**WHAT TO DO:** If a picture appears, leave it out, and reproduce exactly the lines from the start of the listing below through the one bearing "Тесто раскатать на".

**DATA BLOCK:**
________________
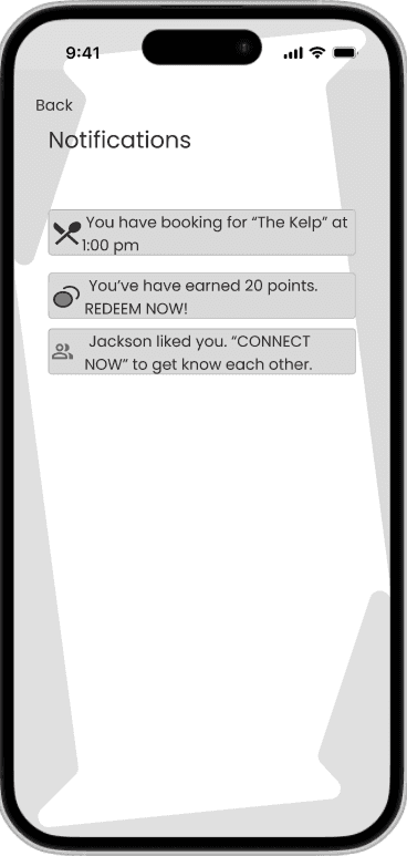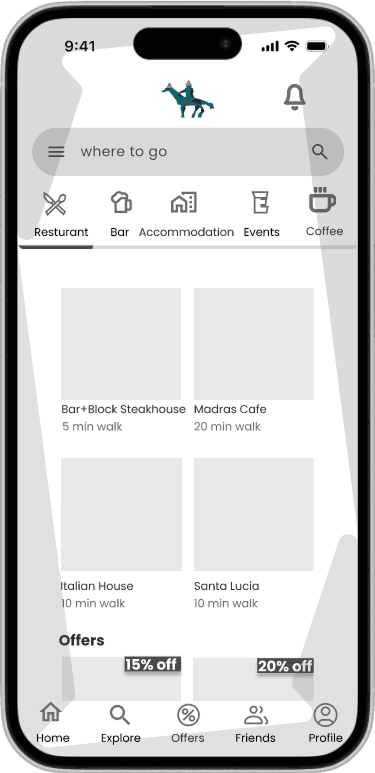 To quickly validate ideas, I created low-fidelity wireframes that mapped out the core flows — event booking, restaurant booking, friend search, and gamification features. Keeping the designs simple allowed me to test navigation and information hierarchy early without being distracted by visuals. Feedback from students at this stage helped me spot pain points, refine the bottom navigation, and prioritize the features that mattered most before moving into detailed design.
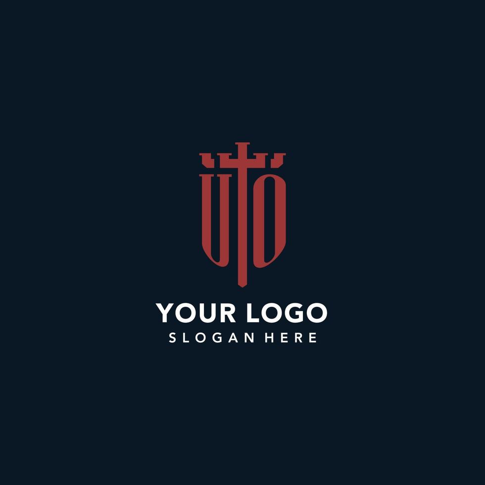 UO initial monogram logos with sword and shield shape design Pro Vector and Pro SVG
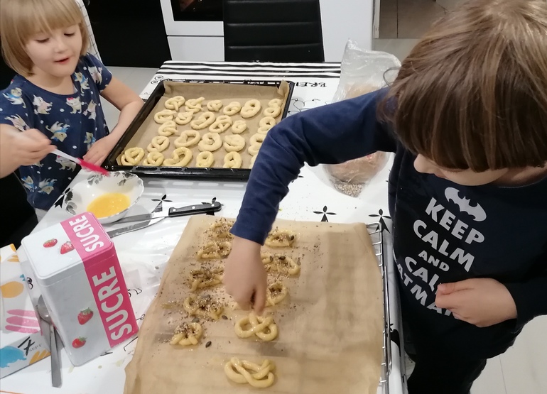 Тесто раскатать на присыпанной мукой рабочей поверхности в пласт толщиной 0,5 мм. Нарезать на полоски примерно шириной 1 см и длиной 18-12 см. Скатать их в жгутики и сформировать из них крендельки.
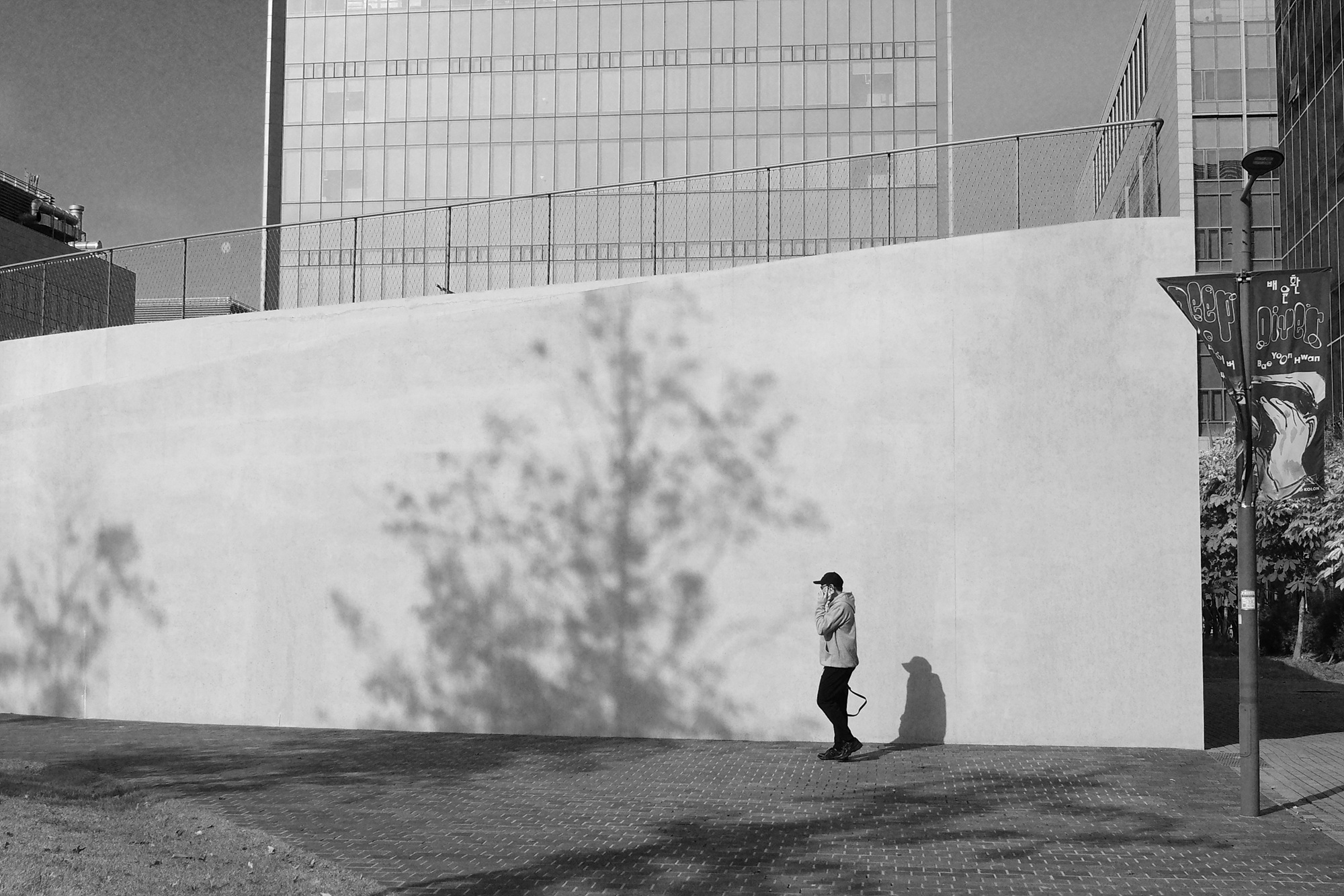 연회색 톤의 반듯한 건물이 하드 모노와 잘 어울릴 것이란 예감이 들어 선택한 장소였고, 그 예감은 틀리지 않았다. 높은 빌딩 사이에 폭 둘러싸인 이곳을 발견한 순간, 사람들이 스페이스 K를 언급할 때 그토록 빛과 그림자를 강조했는지 단번에 이해할 수 있었다. 나무 그림자와 때마침 행인의 그림자가 물감을 찍은 듯 벽을 장식했다. 바로 지금이다! 다행히 카메라를 켜둔 덕에 연회색 벽이 조금 더 다채로워졌다.
________________
**ANSWER TO THIS EXERCISE:**
 To quickly validate ideas, I created low-fidelity wireframes that mapped out the core flows — event booking, restaurant booking, friend search, and gamification features. Keeping the designs simple allowed me to test navigation and information hierarchy early without being distracted by visuals. Feedback from students at this stage helped me spot pain points, refine the bottom navigation, and prioritize the features that mattered most before moving into detailed design.
 UO initial monogram logos with sword and shield shape design Pro Vector and Pro SVG
 Тесто раскатать на присыпанной мукой рабочей поверхности в пласт толщиной 0,5 мм. Нарезать на полоски примерно шириной 1 см и длиной 18-12 см. Скатать их в жгутики и сформировать из них крендельки.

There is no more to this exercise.